Hero Murunga

Personal information
- Full name: Hero Murunga
- Nicknames: "Dick" and "Tiger"
- Nationality: Kenya
- Born: 22 April 1949 Amagoro, Teso District
- Died: 26 October 2018 (aged 65) Nairobi, Kenya
- Height: 1.78 m (5 ft 10 in)
- Weight: 67 kg (148 lb)

Sport
- Sport: Boxing
- Weight class: Welterweight

Medal record
Men's Boxing
| Bronze medal – third place | 1972 Munich | Welterweight |

= Richard Murunga =

Kenyan boxer (1949–2018)

Richard (Hero) Murunga (22 April 1949 – 26 October 2018) was a boxer from Kenya.

==Amateur career==
He started boxing in 1968, at the age of 19, encouraged by his father, Ernest Illuk, who was a Kenyan army officer. Two years later he joined the Kenyan Army.

Murunga was a bronze medalist at the 1972 Munich Olympic Games, losing to silver medalist Janos Kajdi.

He deserted the army in 1973 as Kenya boxing authorities did not allow him to join professional ranks. Subsequently, he went to Uganda and competed at the East and Central Africa Amateur Boxing Association (Fescaaba) championship representing Uganda under pseudonym Feisal Musante. He was later arrested, when he returned to Kenya.

==1972 Olympic record==
Below are the results of Richard Murunga, a Kenyan welterweight boxer who competed at the 1972 Munich Olympics:

- Round of 64: bye
- Round of 32: defeated Alfons Stawski (Poland) by decision, 4–1
- Round of 16: defeated Vartex Parsanian (Iran) by a third-round TKO
- Quarterfinal: defeated Sergio Lozano (Mexico) by a first-round knockout
- Semifinal: lost to Janos Kajdi (Hungary) by decision, 1-4 (was awarded bronze medal)

==Pro career==
Known as "Tiger", Murunga turned pro after his amateur career in 1973. He was promoted by Mogens Palle. Murunga was the first Kenyan professional boxer.

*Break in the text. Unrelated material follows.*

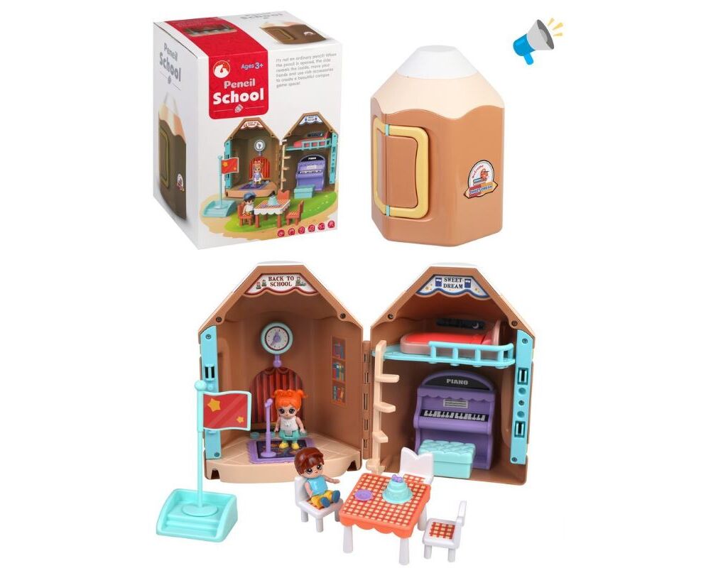 Это не просто карандаш, а самый настоящий кукольный домик! Внутри него и спальня, и сцена для школьных выступлений, а еще место для игры на фортепиано. «Карандаш» открывается, образуя единое пространство для игры.
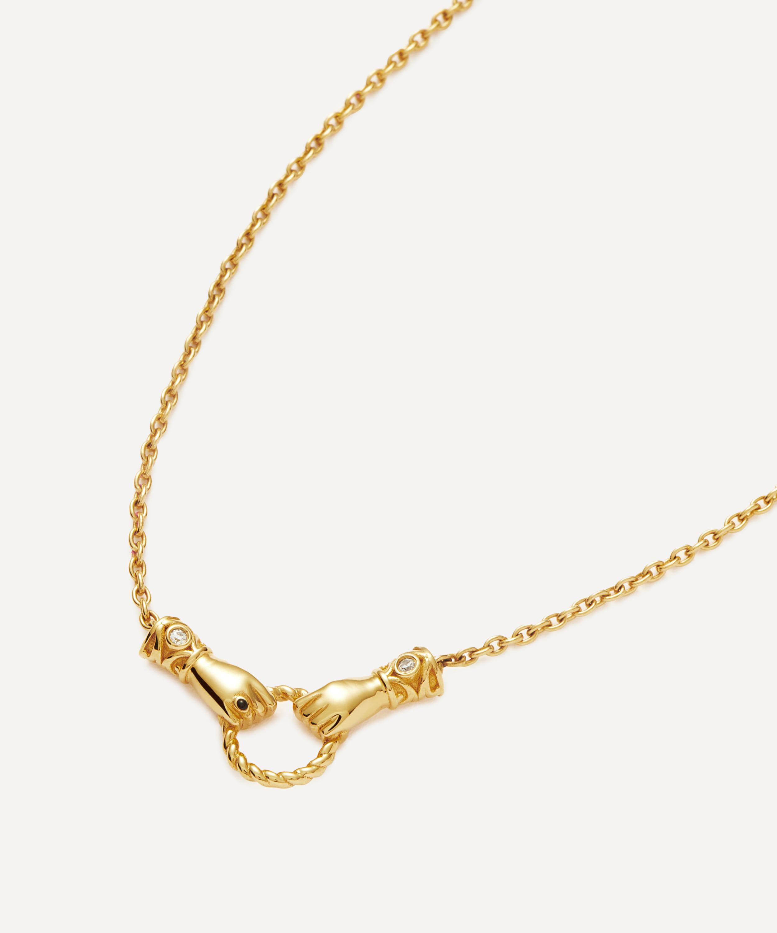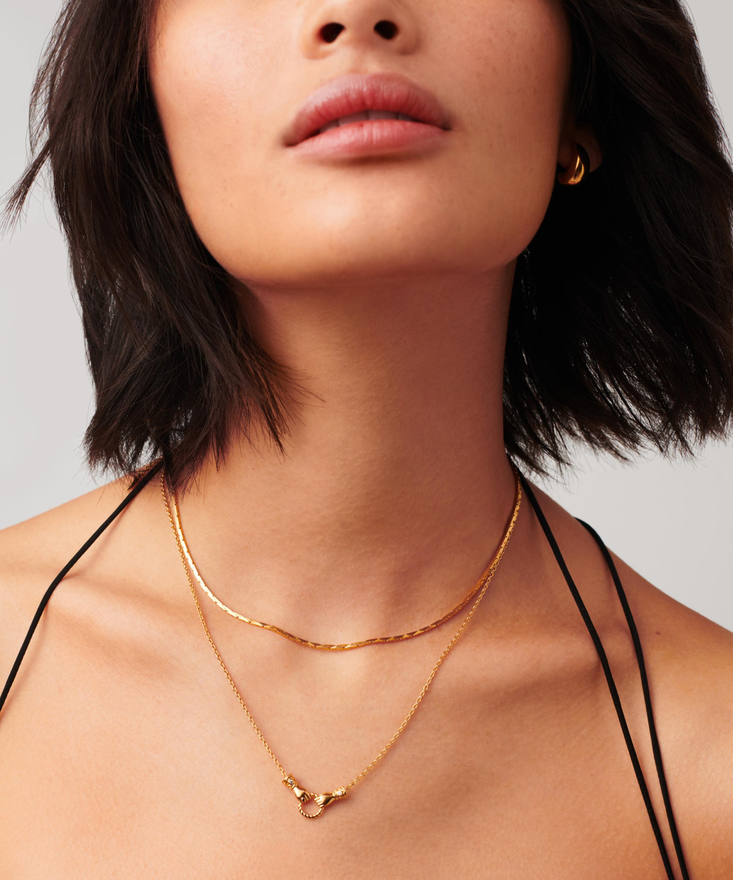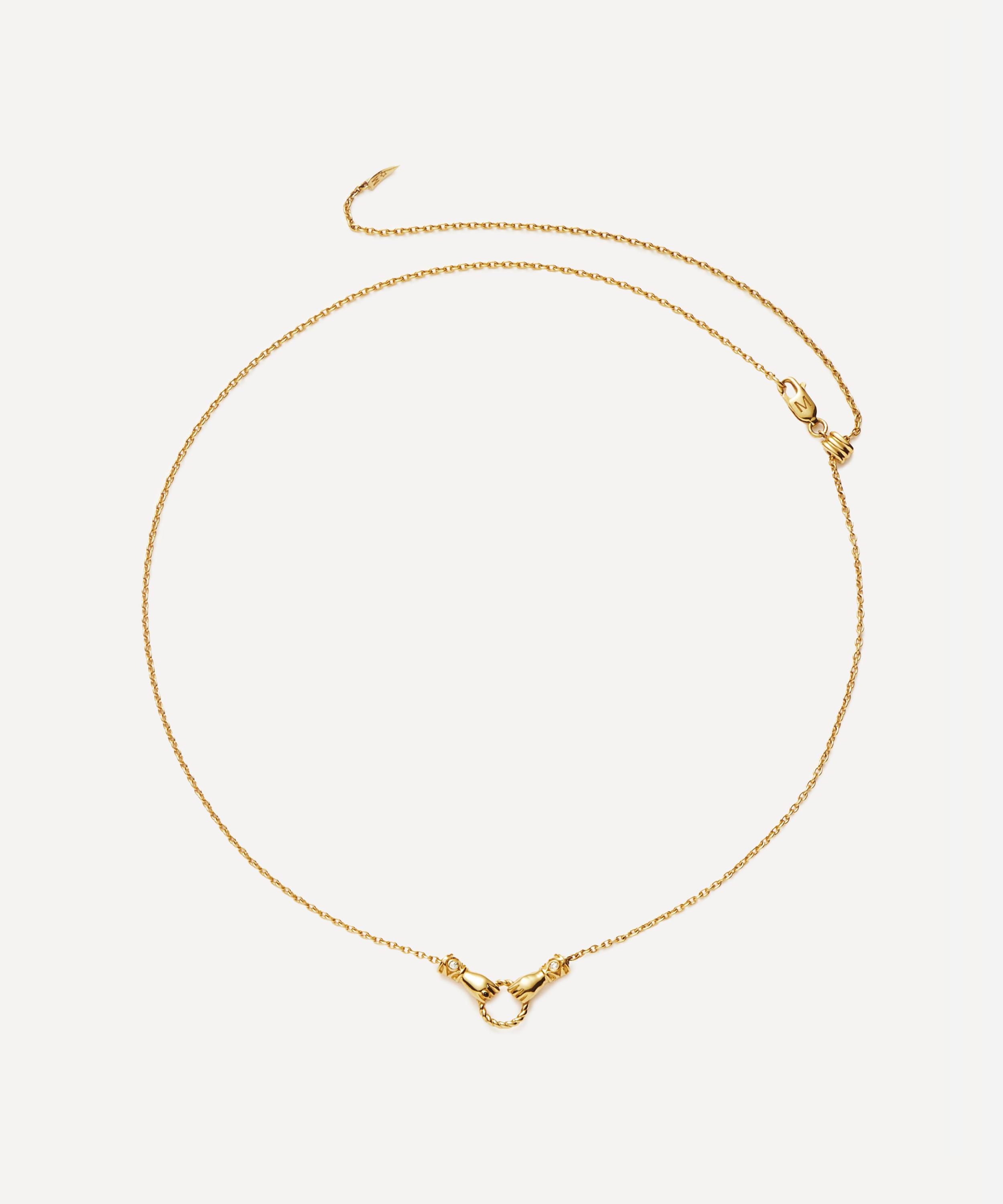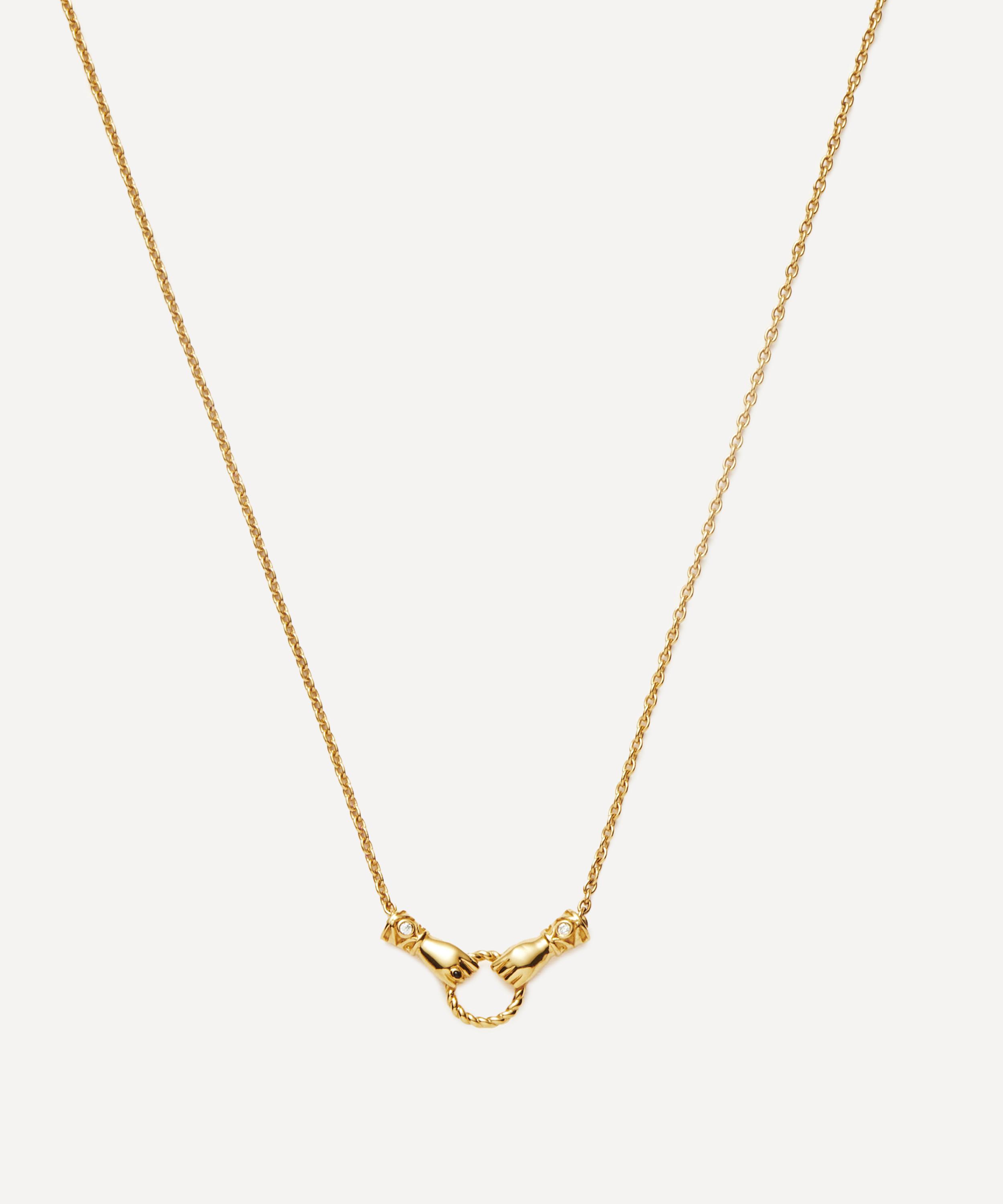Curate your own bespoke stack with this pendant necklace from the Harris Reed x Missoma collection. Crafted from gold-plated brass, it features a fine cable chain and two Georgian-style hands, inspired by the collections popular ‘In Good Hands’ design, holding a twisted ring. Each cuff has been embellished with a white cubic zirconia and one hand features a black enamel ring. Wear it solo, or team with an assortment of necklaces or matching pieces from the collection.

He fought three fights in Europe, winning all three bouts and retiring late in 1974.

== Personal life ==
Murunga had two wives, Mariam Wambui and Nawal Ahmed, and seven children. He converted to Islam when he married his second wife Nawal, and took a Muslim name, Khalifa. Formerly based in Denmark and Kuwait, as of 2003 he lived in Bombolulu in Mombasa. He died on 26 October 2018, aged 65.